Pete wakes up next to Josh and has a good day until he goes to the dungeon and finds that Tiff is AWOL and he has to deal with her client, a grumpy guy in a penguin costume.
Pete tries to send him away, but Penguin Guy not only refuses to leave, he intimidates Pete into putting on another penguin costume and wrestling him.
In the middle of this, Penguin Guy starts crying.
Penguin Guy: “Give me one little penguin kiss, and it would mean so much to me. Just one. […] One little tiny beak-to-beak.”
Pete: “No! No means no!”
Pete reverses the pin and takes control of the situation. He smacks Penguin Guy’s butt, then tells him to leave. He’s astonished when Penguin Guy calls him “Master Carter.”
Later, Pete is at the comedy club with Josh. When the MC calls for “Carter” to perform, Pete puts on an elaborate bondage mask and goes on stage for the first time.
At the school, Tiff shows herself in full dominatrix outfit to Doug in the bathroom. He seems intrigued.
Pete’s walk to the comedy stage is intercut with Tiff’s walk to her classroom.
In the classroom, Tiff introduces her prof to fellow student Kate and two school administrators. The prof leaves, and Tiff takes over the class. The other students don’t pay attention to her until she takes off her red coat and shows her dominatrix outfit, plus bullwhip.
Tiff does a monolog about her past, talking about her sexual abuse in high school and college. She ends by inviting the class to get tied to the chair. Almost everybody, including Doug, puts their hand up. Tiff tells Doug to get in the chair.
Meanwhile, Pete does his stand-up about his life as a dominatrix’s assistant, and even takes off his mask, leaving him in just leather pants and a chest harness. Josh watches from the audience, amused.
I appreciate that both Tiff and Pete use their BDSM personae as a means to being more vulnerable and psychologically integrated, not as a facade they hide behind.
Bonding’s key flaw is its lack of curiosity about its supposed topic: BDSM and the people who do it.

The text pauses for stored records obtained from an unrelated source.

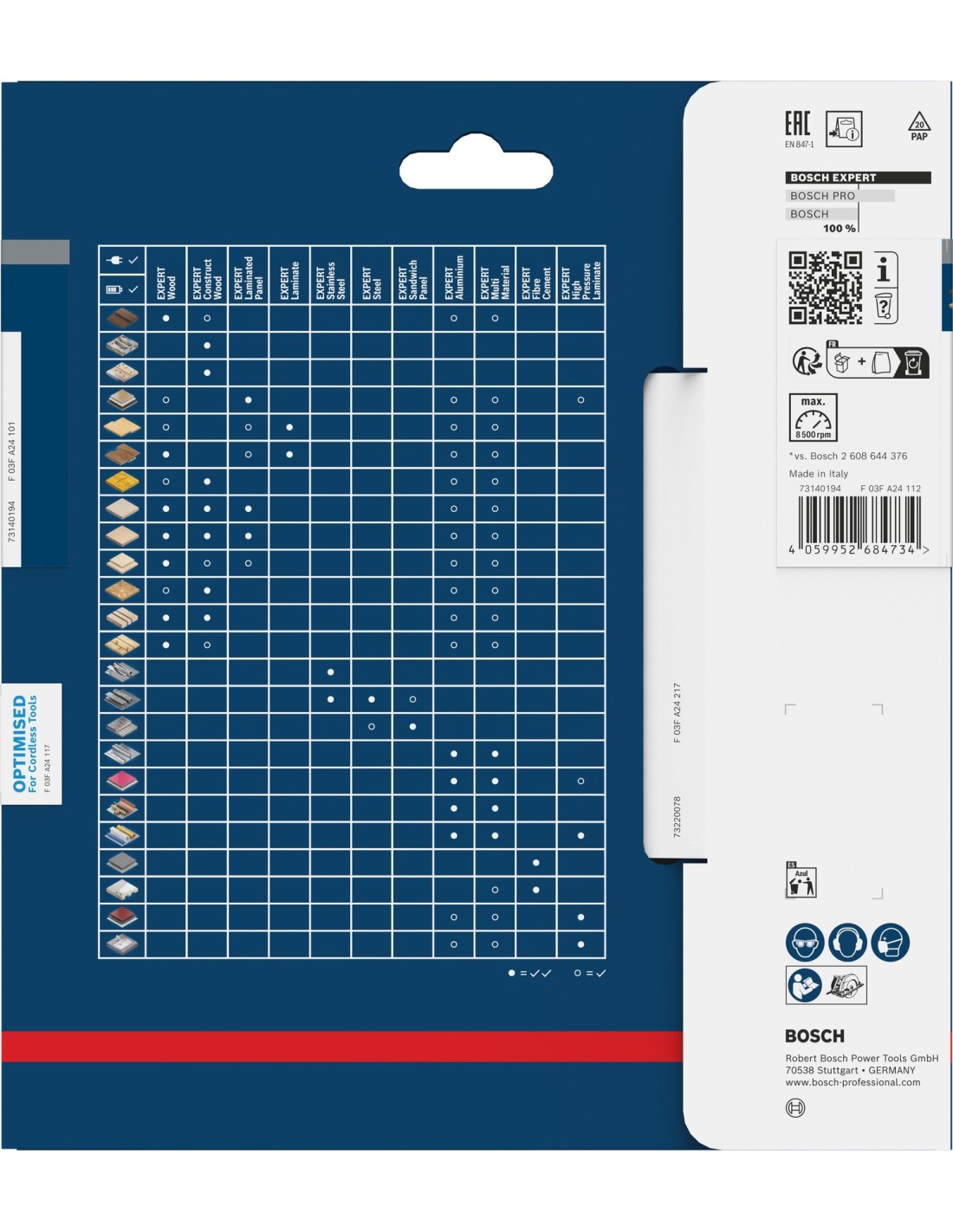 EXPERT MetalMax es la arista de corte de la tecnología Bosch Carbide Technology. Sus dientes están fabricados con una tira de metal extremadamente duro que puede cortar incluso el acero inoxidable y cuenta además con un recubrimiento adicional de alta tecnología para conseguir la máxima longevidad. La arista plana está optimizada para realizar recortes, ya que es menos propensa a patinar en tornillos o tuberías.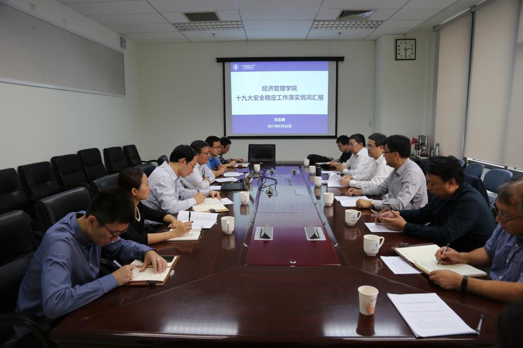 首先,张军书记一行听取了学院十九大期间安全稳定工作落实情况汇报。院党委刘志新书记代表学院从任务部署、责任落实、排查情况、宣传教育、应急处置等五个方面进行了详细阐释。经管学院在落实过程中,书记院长作为第一责任人负总责,全院上下高度重视,前期工作部署及时、制度完善、人员到位,责任明确、架构明了、分工明晰。在日常排查过程中,全院覆盖、不留死角,形成了一套高效的检查规范;在重点人和事摸排过程中,认真细致、台账清晰,及时化解当前师生中存在的突出矛盾;在整个防控过程中,管理措施和技术手段并重,争取做到早发现、早汇报、早处理。对近期的工作,在线上和线下做了充分的准备,特别加强网络的管控;全体班子成员和管理干部做好值班值守,严格落实应急信息报告制度。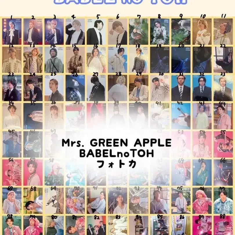 Mrs. GREEN APPLE BABELnoTOH 포토 카드 중복입니다(*^^*) ★ 개봉 후 슬리브에 넣어 보관하고 있습니다! (1) 3장 (2) 1장 (4) 2장 (5) 4장 (7) 2장 (9) 1장 (10) 2장 (12) 2장 (15) 1장 (16) 2장 (18) 1장 (19) 2장 (21) 2장 (22) 1장 (23) 1장 (24) 2장 (25) 1장 (28) 2장 (29) 1장 (30) 1장 (32) 1장 (34) 1장 (36) 1장 (37) 1장 (39) 1장 (40) 1장 (43) 1장 (44) 1장 (50) 1장 (51) 1장 (52) 4장 (53) 1장 (54) 3장 (57) 1장 (58) 3장 (59) 3장 (60) 1장 (61) 1장 (62) 1장 (63) 3장 (65) 2장 (66) 1장 (68) 4장 (69) 2장 (70) 2장 (72) 2장 (73) 2장 (74) 2장 (75) 2장 (79) 1장 (80) 1장 (84) 1장 (86) 3장 (88) 2장 (89) 1장 (91) 1장 (92) 2장 (93) 1장 (94) 3장 (95) 1장 ★ 와카이 히로토 & 후지사와 료카 1장 130엔 오오모리 모토타카 & 단체 사진 1장 300엔 ⚠︎ (23) 700엔 (32) 800엔 (50) 600엔 ⤴ ︎ 해당 카드만 가격 변경 있음 ⚠︎ ⚠︎ 발송 방법 유패킷 포스트 미니 원하는 카드 + 배송비 160엔 부탁드립니다 (침수 방지, 파손 방지로 포장해 드리겠습니다!) ⚠︎ 300엔 이상이 되도록 부탁드립니다 ( ♡ ᴗ͈ˬᴗ͈) #오오모리모토타카 #와카이히로토 #후지사와료카 #미세스 #바벨
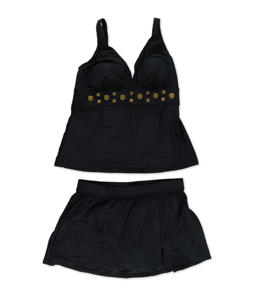 I.N.C Womens Studded Ruched Skirtini 2 Piece Tankini, Black, 8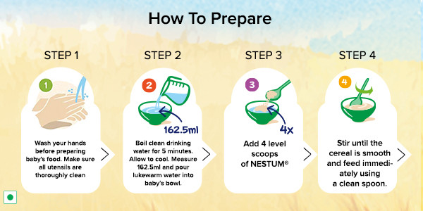 Step 2: Boil clean drinking water for 5 minutes. Allow to cool. Measure 162.5ml and pour lukewarm water into baby's bowl.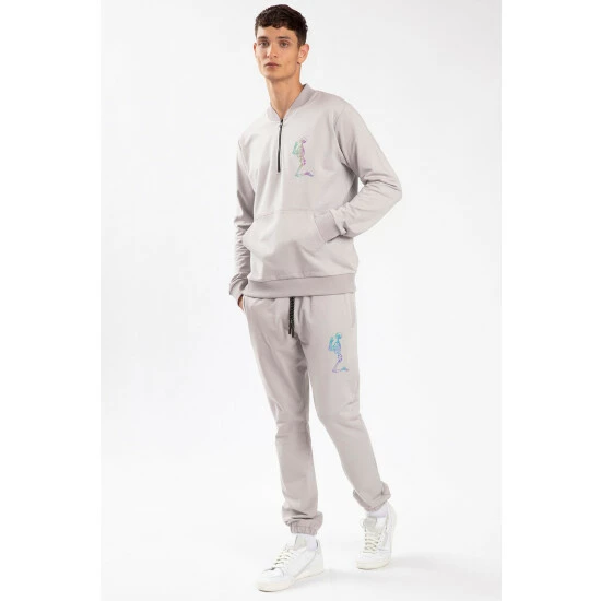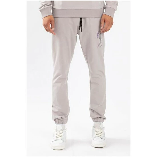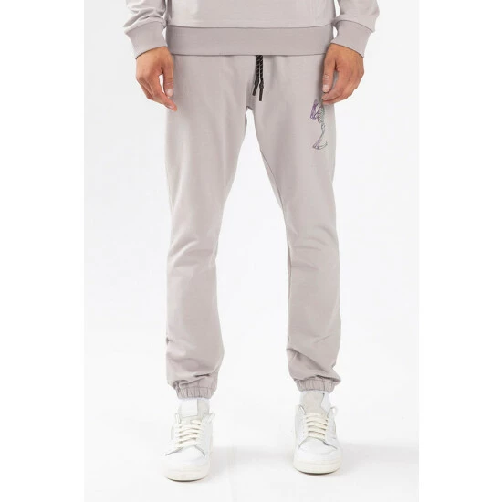 Lounge about. The Lit Sweat Pant. Crafted from a soft loop back sweat in opal grey. Shaped to a relaxed fit with elasticated waistband and gathered trouser hem for easy everyday wear. Featuring iridescent praying skeleton detail on the leg.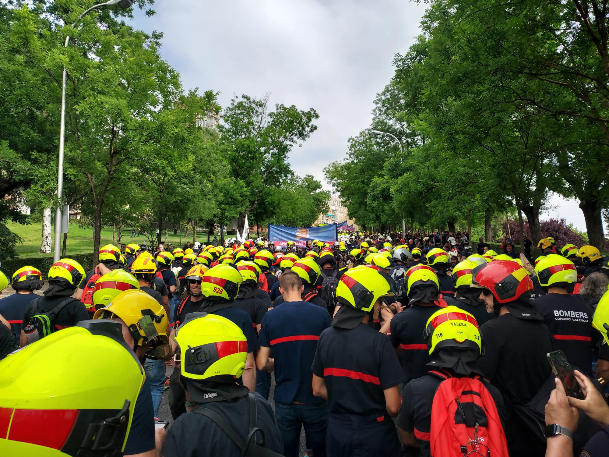 Al voltant de 50 bombers de La Muntanya es van manifestar el passat dimarts 16 de maig en Madrid per a protestar contra el bloqueu polític d’una llei Marc.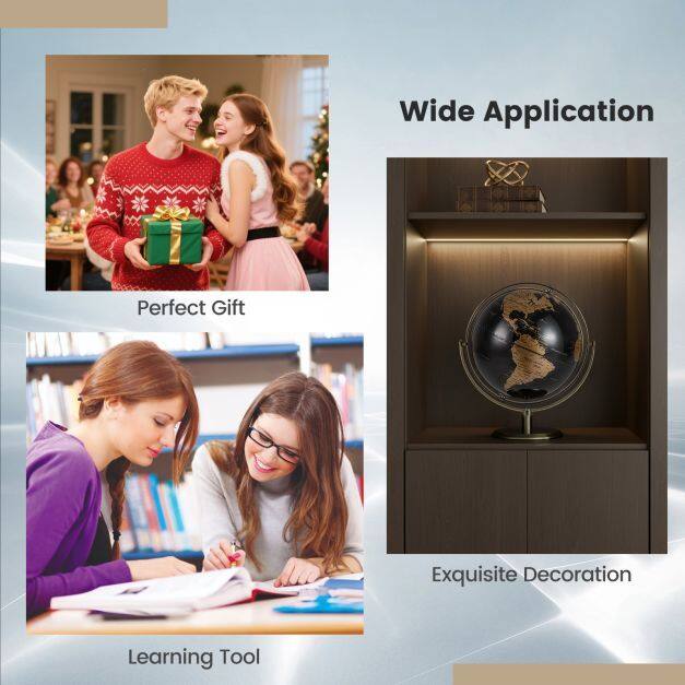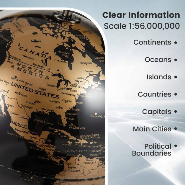 ● Educational and Stylish Addition: This metallic black world globe doubles as a dynamic learning tool and an exquisite decoration. Its modern, sleek design seamlessly fits into various interiors, while encouraging exploration and learning for all age groups.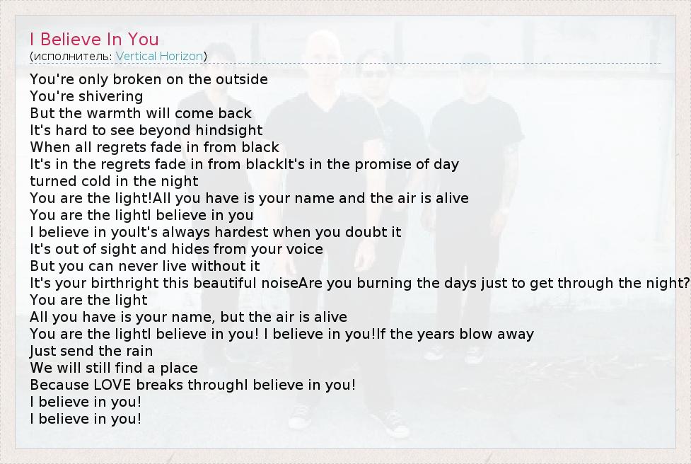 А как ты думаешь, о чем песня "I Believe In You" ?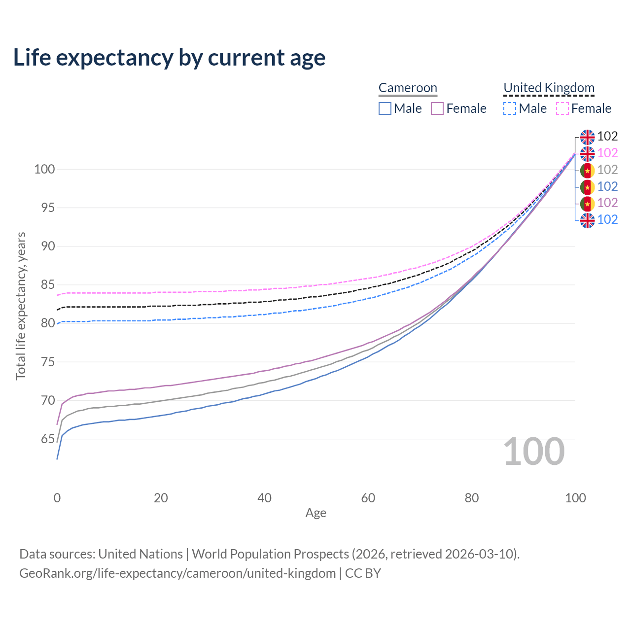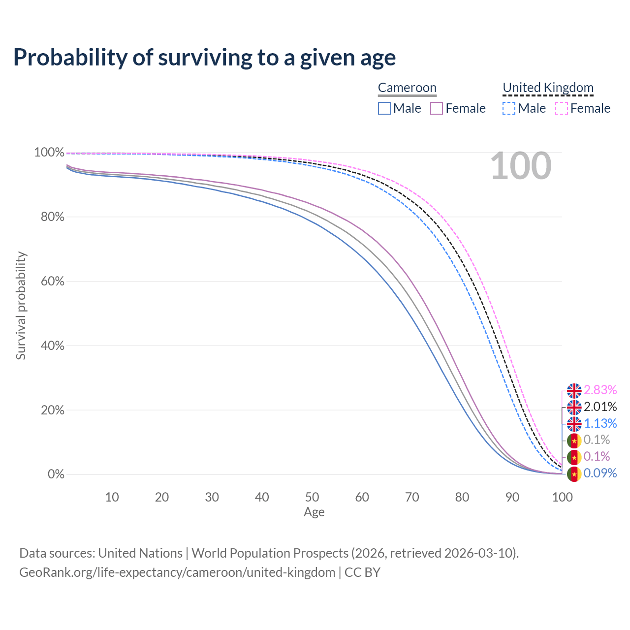 This life expectancy calculator shows the odds of living to 100, 95, 90, and below based on current age for both males and females in Cameroon and the United Kingdom, along with mean and median age of death. The calculations are based on the 2026 life tables (actuarial tables) from the UN World Population Prospects.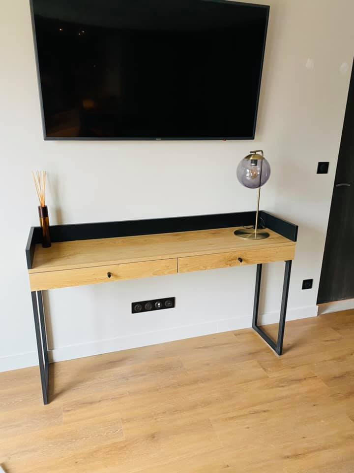 Réalisation d’une console décor stratifié décor noir et ton bois tiroir intérieur chêne massif et piètement acier laqué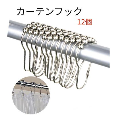シャワーカーテン フック ローラーボール 12個セット S字フック 滑らか開閉 バスカーテン 収納フック 多用途 メッキ ユニットバス キッチン クローゼット
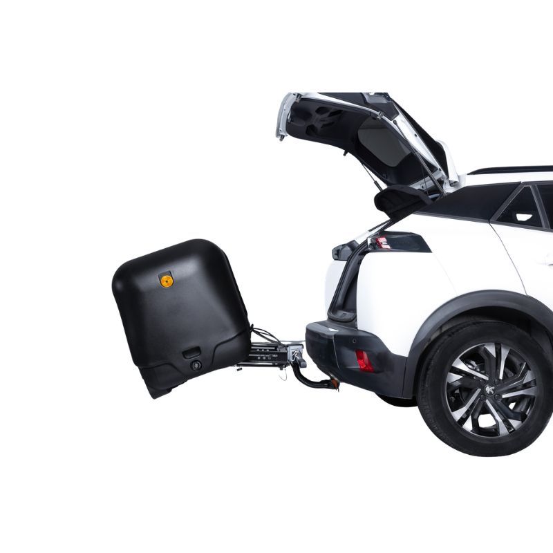 Coffre supplémentaire de couleur noir à installer sur un attelage.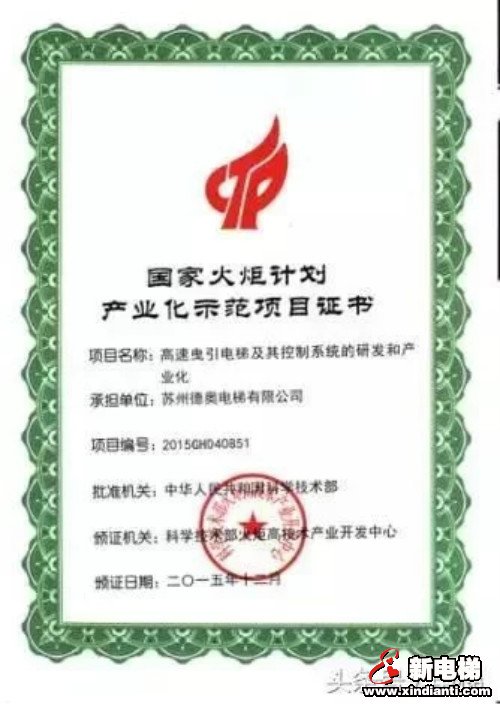 蘇州德奧電梯喜獲國(guó)家火炬計(jì)劃項(xiàng)目證書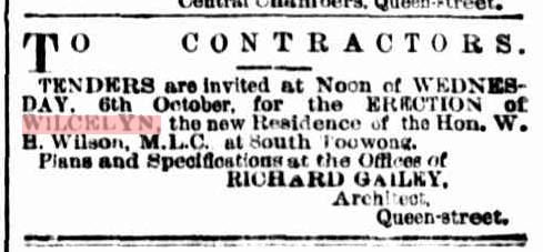 of South Toowong. "Wilcelyn" can be seen at right hand side of the plan.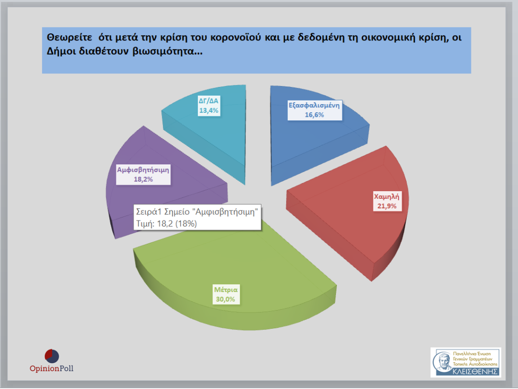 – Το 30% θεωρεί ότι οι Δήμοι έχουν μέτρια βιωσιμότητα, το 21.9% χαμηλή , το 18.2% αμφισβητήσιμη και το 16.6% εξασφαλισμένη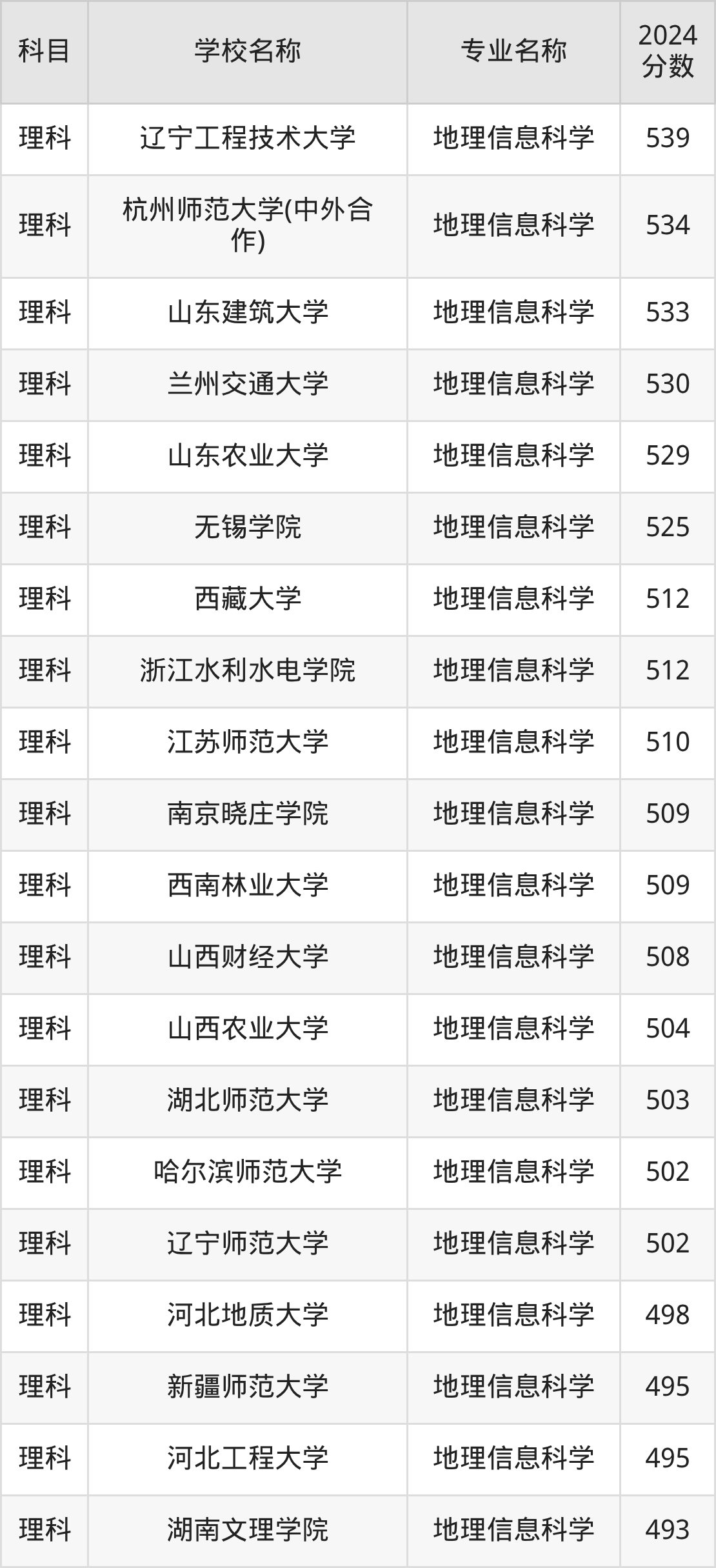 | 河南财经政法大学 | 地理信息科学 | 536 |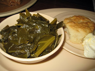 The greens were seasoned to my liking. Tangy, salty, and slightly bitter. I liked them. The biscuit was stale and rubbery. Blasphemy!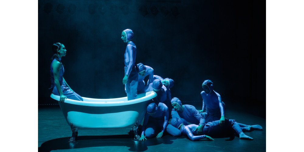 Zu Beginn schickt Alfonso López González die Tänzerin Kako Kijima zu einem psychischen Ego-Horror-Trip ins Badezimmer. Schon deren Blick in den Spiegel über dem Waschbecken im Hintergrund verrät Niedergeschlagenheit gekoppelt mit innerem Aufruhr. Ihr Versuch, Ruhe zu finden, gleicht einer Schlingerfahrt durch Stürme und Flauten. Getuschel und Geflüster erfüllt den Raum. Das Dröhnen im eigenen Kopf inszeniert González tänzerisch vortrefflich. Als die Tänzerin zum Sound einer launigen Jazztrompete in die auf dem rot beleuchteten Tanzboden stehende Wanne steigen will, formieren sich sogleich ganz in blaue Trikots mit Badehauben gekleidete Wesen schier wasserstrahlartig zu einem gallertartigen Mehrfach-Gegenüber. Dieses schwappt bald mit in die Wanne und kippt diese später mitsamt der darin Badenden um. Die Interpretin, von der Gruppe umspült, wird mal zärtlich gerahmt oder mit krallenden Händen stumm angebrüllt, was das Chaos guter und schlechter Gedanken in Kopf sehr anschaulich in all seinen schnell wechselnden Schattierungen widerspiegelt.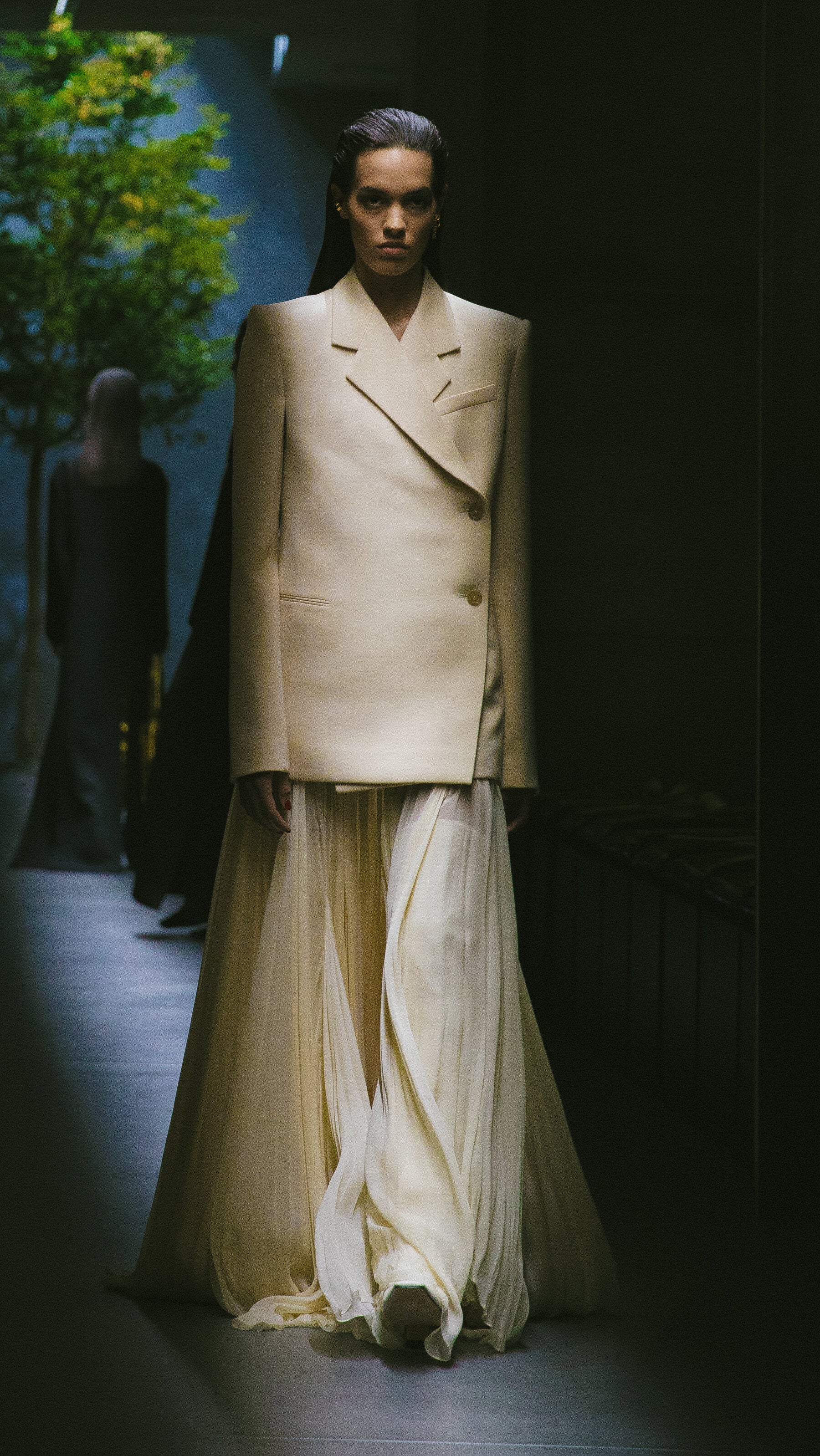 One of those looks, as presented at Khaite’s runway show, was an oversize blazer worn over a long sheer chiffon skirt, streamlined and stiff on top, swishy and sexy on the bottom.

The people whom Tiff and Pete serve are just random weirdos who show up, put the lead characters in comedic situations, and leave. There’s no effort to humanize them. Now, why any given person has any given fetish is a mystery that may be unsolvable. There’s still rich material in looking at the lives of these people. Why doesn’t Bonding explore the impact of Andrew’s tickling fetish on his marriage with Daphne, or ask how Fred’s golden shower fantasies fit with the rest of his life, or consider what kind of loneliness is driving Penguin Guy.
Unlike, say, Personal Services, Bonding doesn’t even go very deep into the economics or psychology of sex work. It’s all subordinate to the dysfunctional, co-dependent relationship of Pete and Tiff. And aren’t we a little past the “straight woman and her Gay Best Friend” trope?
I just finished the second season (which I think is superior to the first). I know that this series got a lot of complaints from some in the kink community online, but while it definitely had problems, I found it refreshing and better than the Fifty Shades stuff. It is a comedy with some interpersonal and social commentary, it isn’t going to be correct or safe all the time.